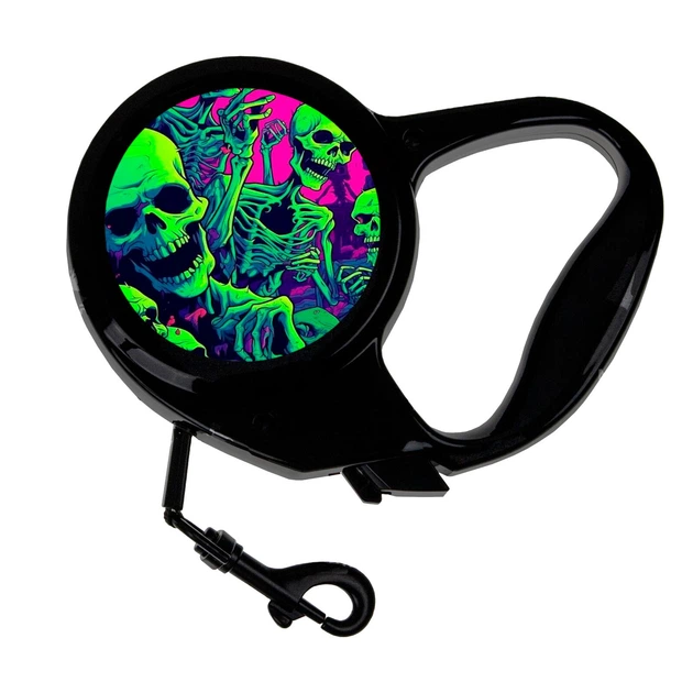 Повідець-рулетка для тварин із принтом скелети 3 м чорний
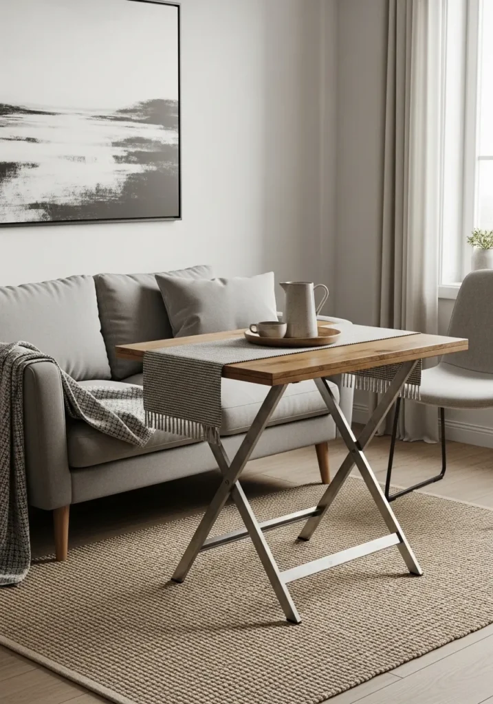 This clever design uses a collapsible X-frame base made of sturdy brushed metal, topped with a warm, natural wood surface. It is styled with a striped fabric runner and a simple ceramic pitcher set, which gives the whole room a very intentional and polished look. Positioned right in front of a soft gray loveseat, it provides a generous amount of space for a morning breakfast or an afternoon tea. The best part is that once you are done using it, the entire piece can fold flat and be tucked away in a closet or behind a sofa, keeping your floor plan completely open.
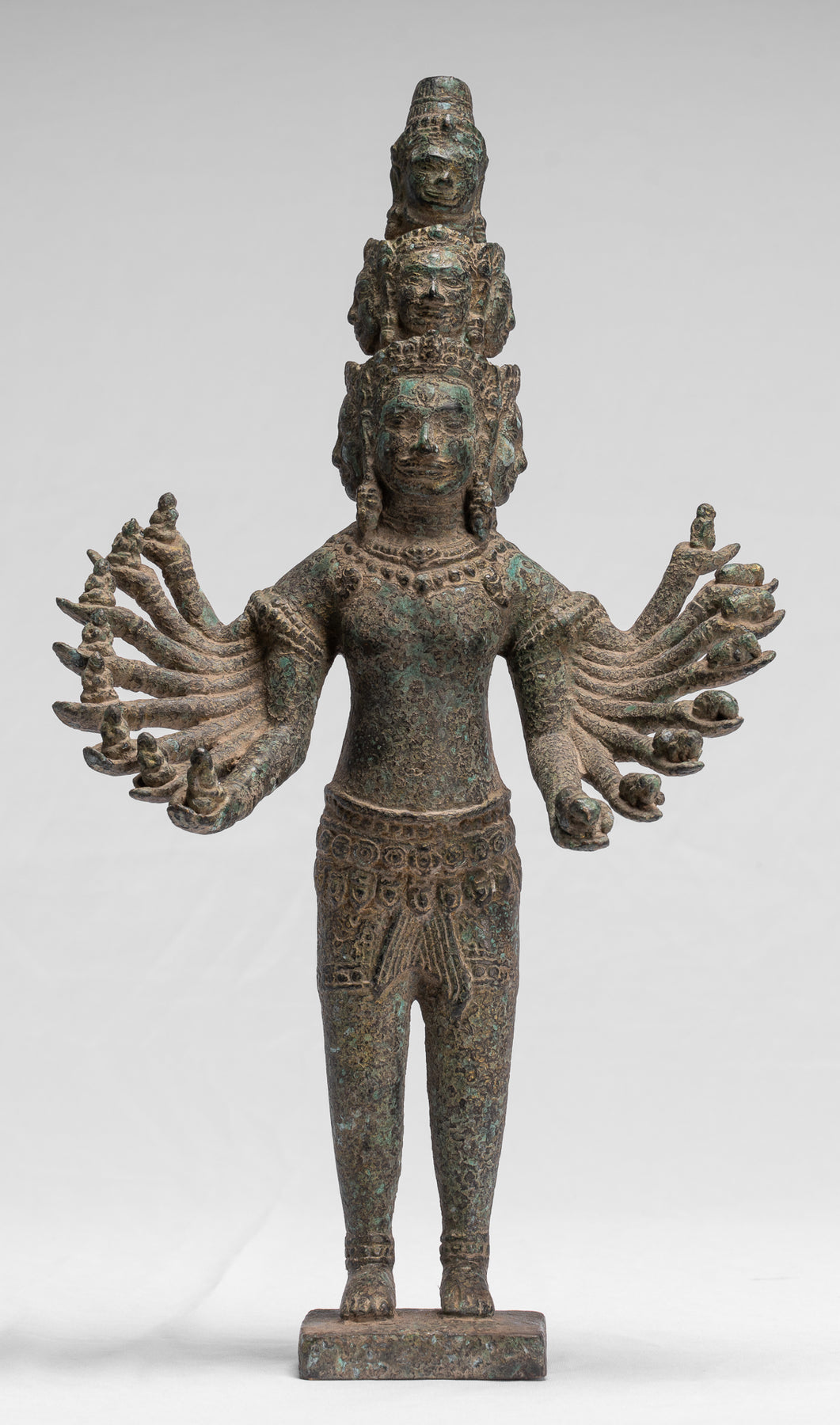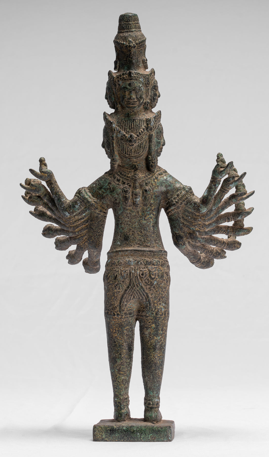 Antike stehende Bayon-Hevajra-Statue aus Bronze im Khmer-Stil – 41 cm hoch
---
▶ ASSIGNED TASK
Copy out the material above in full and exactly; its pictures are not to appear.

▶ ANSWER SECTION
 Повідець-рулетка для тварин із принтом скелети 3 м чорний
 This clever design uses a collapsible X-frame base made of sturdy brushed metal, topped with a warm, natural wood surface. It is styled with a striped fabric runner and a simple ceramic pitcher set, which gives the whole room a very intentional and polished look. Positioned right in front of a soft gray loveseat, it provides a generous amount of space for a morning breakfast or an afternoon tea. The best part is that once you are done using it, the entire piece can fold flat and be tucked away in a closet or behind a sofa, keeping your floor plan completely open.
 Antike stehende Bayon-Hevajra-Statue aus Bronze im Khmer-Stil – 41 cm hoch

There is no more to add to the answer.